From the line that contains "卒業式、前日準備(5年生)" to the final line of the records below, print each line exactly and leave every picture out.

**** Record extracts

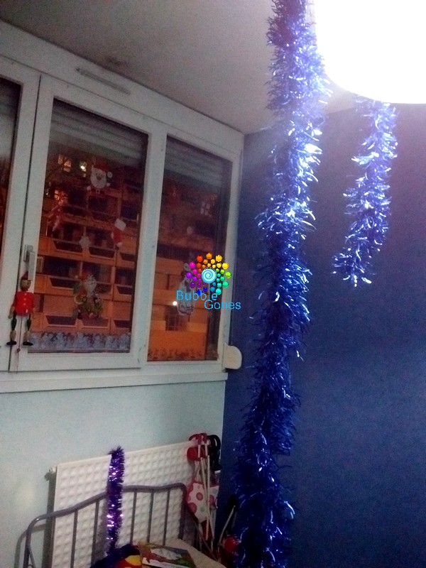 Nous n’avons pas eu le temps de tout décorer l’appartement, alors Farfelu et Pirouette ont voulu décorer la salle de jeux des filles. Pauvre Pirouette, elle s’est endormie dans les guirlandes
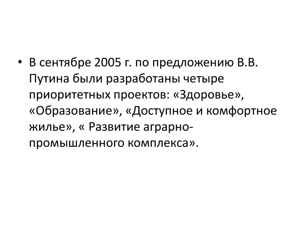 • В сентябре 2005 г. по предложению В.В.Путина были разработаны четыре
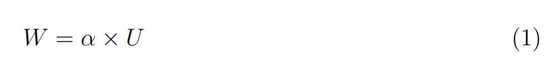 这里,U是U-Net相应层中的滤波器数,α是一个标量系数(即按比例α取原始U-Net中的滤波器数)。将W分解为U和α提供了一种方便的方法来控制参数的数量和保持它们与U-Net的可比性。
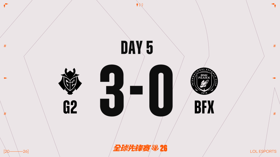 恭喜G2战胜BFX,晋级2026全球先锋赛半决赛。
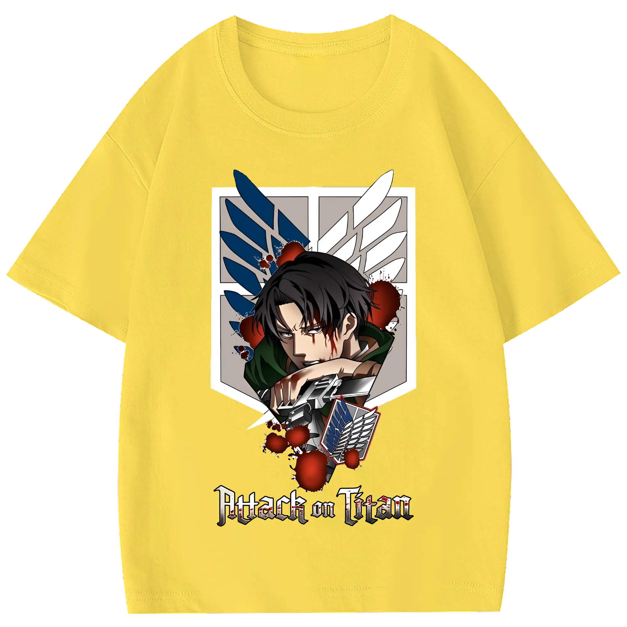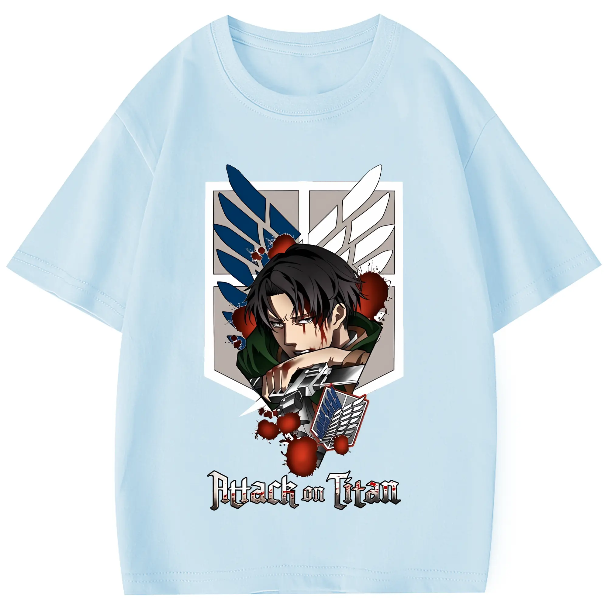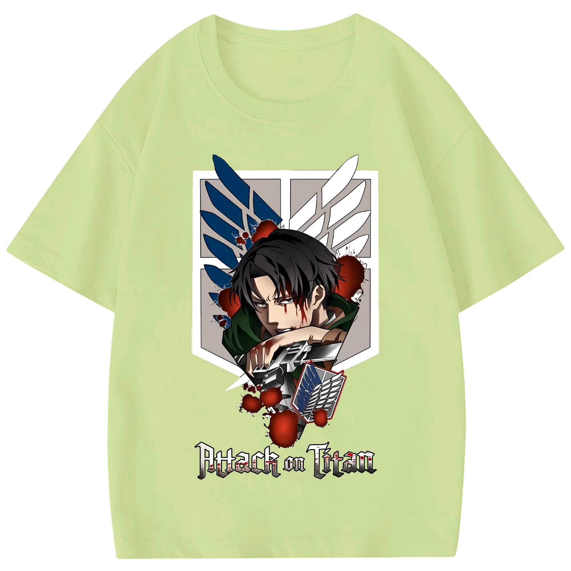 進撃の巨人 グッズ リヴァイ・アッカーマン - 綿100% 半袖Tシャツ ・ フロントプリント ・ 快適 通気性 ・ 日常使い 散歩 スポーツ用
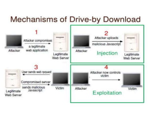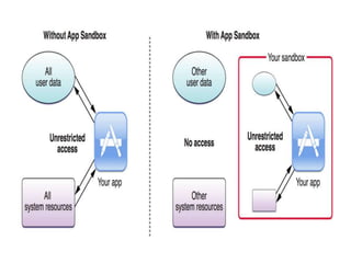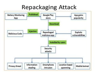 The document discusses various aspects of Android security. It covers kernel security features like process isolation and permissions. It describes how the application sandbox isolates apps and assigns unique IDs. It also discusses system security mechanisms like encryption, verified boot, and updates. Common Android vulnerabilities are outlined like rooting, repackaging apps, update attacks, and drive-by downloads.
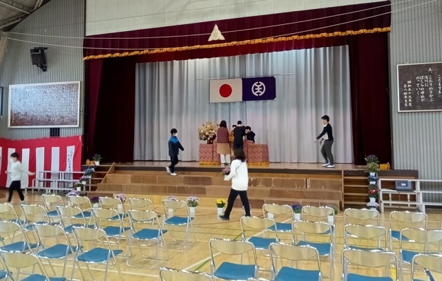 卒業式、前日準備(5年生)
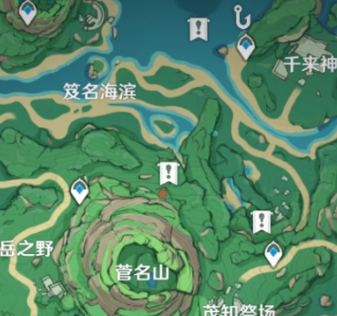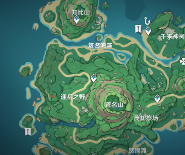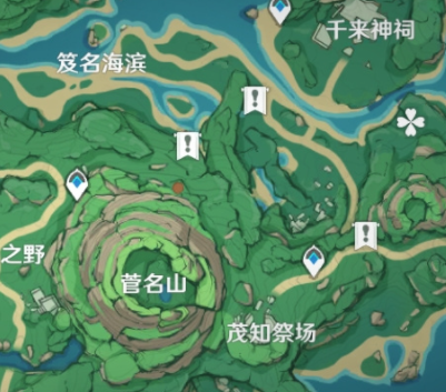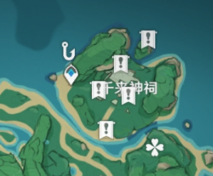 任务一中,在图上角色处在的位置有一个海螺, 捡起后会出现幽灵岷伽,她会告诉你她的哥哥离开了鹤观,留下来藏宝图碎片,在其他三个地方寻找海螺可获得其他藏宝图碎片,集齐四个后在七天神像后可以再次找到她,和她对话后藏宝图会合成,指示.出宝藏位置(菅名山山底)可以挖出一个宝箱,里面有三十原石。
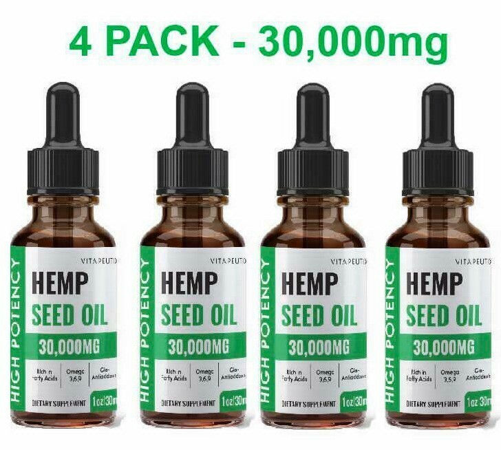 4 Pack - Hemp Oil Drops For Pain Relief, Stress , Anxiety, Sleep - 30,000 mg
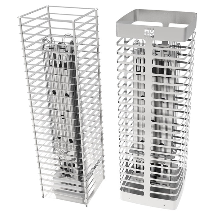 Elegant design meets superior performance. The compact, wall-mounted STEEL Mini 3.5 kW electric sauna heater has an exceptionally short safety distances, ideal for smaller sauna rooms. The STEEL Mini 3.5kW sauna heater is designed for sauna spaces up to 212 cubic feet (CF).

********

Reply:
 卒業式、前日準備(5年生)
 任务一中,在图上角色处在的位置有一个海螺, 捡起后会出现幽灵岷伽,她会告诉你她的哥哥离开了鹤观,留下来藏宝图碎片,在其他三个地方寻找海螺可获得其他藏宝图碎片,集齐四个后在七天神像后可以再次找到她,和她对话后藏宝图会合成,指示.出宝藏位置(菅名山山底)可以挖出一个宝箱,里面有三十原石。
 4 Pack - Hemp Oil Drops For Pain Relief, Stress , Anxiety, Sleep - 30,000 mg
 Elegant design meets superior performance. The compact, wall-mounted STEEL Mini 3.5 kW electric sauna heater has an exceptionally short safety distances, ideal for smaller sauna rooms. The STEEL Mini 3.5kW sauna heater is designed for sauna spaces up to 212 cubic feet (CF).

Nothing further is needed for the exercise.